Saturday, 8 October 2016

Mineral nutrition The process involving the absorption and utilization of various minerals ions by plants for their growth and development is called mineral nutrition.



Mineral nutrition
The process involving the absorption and utilization of various minerals ions by plants for their growth and development is called mineral nutrition.

Chemical composition of plants
Chemical composition of plant can be analyse by following way.
1.   Fresh weight:
  • Uproot a plant and wash down the soil particles sticking to the roots.Weigh the entire plant. This weight is called fresh weight of the plant.
2.   Dry weight:
  • Dry this plant in oven at 100-110 degree celsius to remove the water that forms the major constituent of the plant body. 
  • Weight of this dried plant from which all the water has been dried off is called the dry weight of the plant
3.  Plant ash analysis
  • When an oven-dried plant material is ignited at 400-600 degree C, all the organic materials are oxidized and incombustible matter remains as plant ash.
  • When this ash was analysed it was found to contain 40 elements besides C, H, O, N and S which were oxidized. 
  • All these are not essential for plant nutrition but on analysis the important essential elements have been identified and based on their role in plant metabolism and requirement, they have been classified as major elements and trace elements.

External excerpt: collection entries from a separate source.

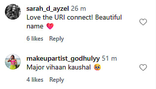 In the 2019 release, Vicky's character name was Major Vihaan Singh Shergill. So, the actor has played the character of his son's name in the past. Many fans of Vicky noticed this, and they started commenting on the couple's post. Check out the comments below...
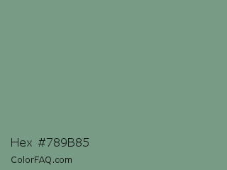 Hex #789b85 Color is a normal green color and the nearest color is Oxley #779e86. Hex code #789b85 and RGB value is rgb(120,155,133). In RGB color space, this color is composed of 47% red, 61% green, 52% blue, In CMYK color space, this color is composed of 23% cyan, 0% magenta, 14% yellow , 39% black , In HSL color space, this color has a hue angle of 142° , 15% saturation and 54% lightness.
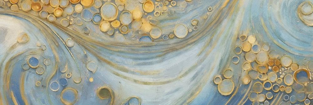 This work captures the power and beauty of a large wave about to break. Shades of blue and gold mix in flowing lines and circles, creating a sense of movement and energy. The subtle details and dynamic composition make it a striking piece that exudes both tranquillity and strength. Perfect for a modern living room or office, this piece brings a touch of nature and elegance to any space.
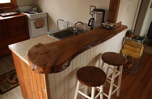 Una de las cabañas originales construidas en Burr Oak Lake, Fisherman's Cottage tiene capacidad para hasta 6 personas cómodamente en camas. El nivel superior cuenta con un nuevo baño con ducha / bañera, cocina completa, mesa de comedor, hermosa barra de roble con borde en vivo y área de descanso. El dormitorio de nivel superior tiene un futón de tamaño completo muy cómodo y litera doble. Lo suficientemente grande como para que una pareja duerma bien, o es un excelente alojamiento para tres niños.
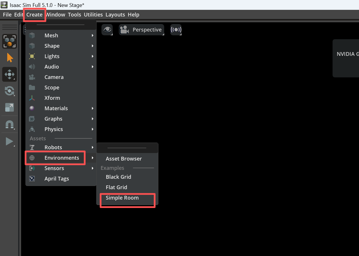 按这个来操作,(创建--》环境--》简单房间)
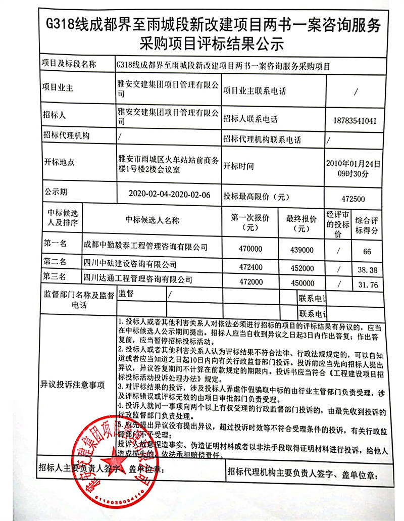 雅安交建集團(tuán)項目管理有限公司G318線成都界至雨城段新改建項目踏勘論證、規(guī)劃修改及基本農(nóng)田調(diào)整補(bǔ)劃、臨時用地復(fù)墾方案編制服務(wù)采購項目評標(biāo)結(jié)果公示

Classification of mineral nutrients
Following criterion can be used to classify the mineral nutrients:
  1. Metabolic need for the mineral nutrient (Essential and non essential)
  2. Amount required or present in plant tissue (Macro and micro nutrients)
  3. Mobility within the plant (Mobile and immobile)
  4. Biochemical function(s) for the mineral nutrient 
1. Essential and non-essential mineral elements
  •  If an element satisfies given three criteria it is said to be essential and if not it is a non essential element. 
  • Out of the 30 elements universally present in all plants, 16 are essential and the rest are non-essential.
  1. The element must be absolutely necessary for the normal growth of the plant and its reproduction.
  2. The requirement of the element must be specific and not replaceable by another element.
  3. The element must play a direct role in the metabolism of the plant.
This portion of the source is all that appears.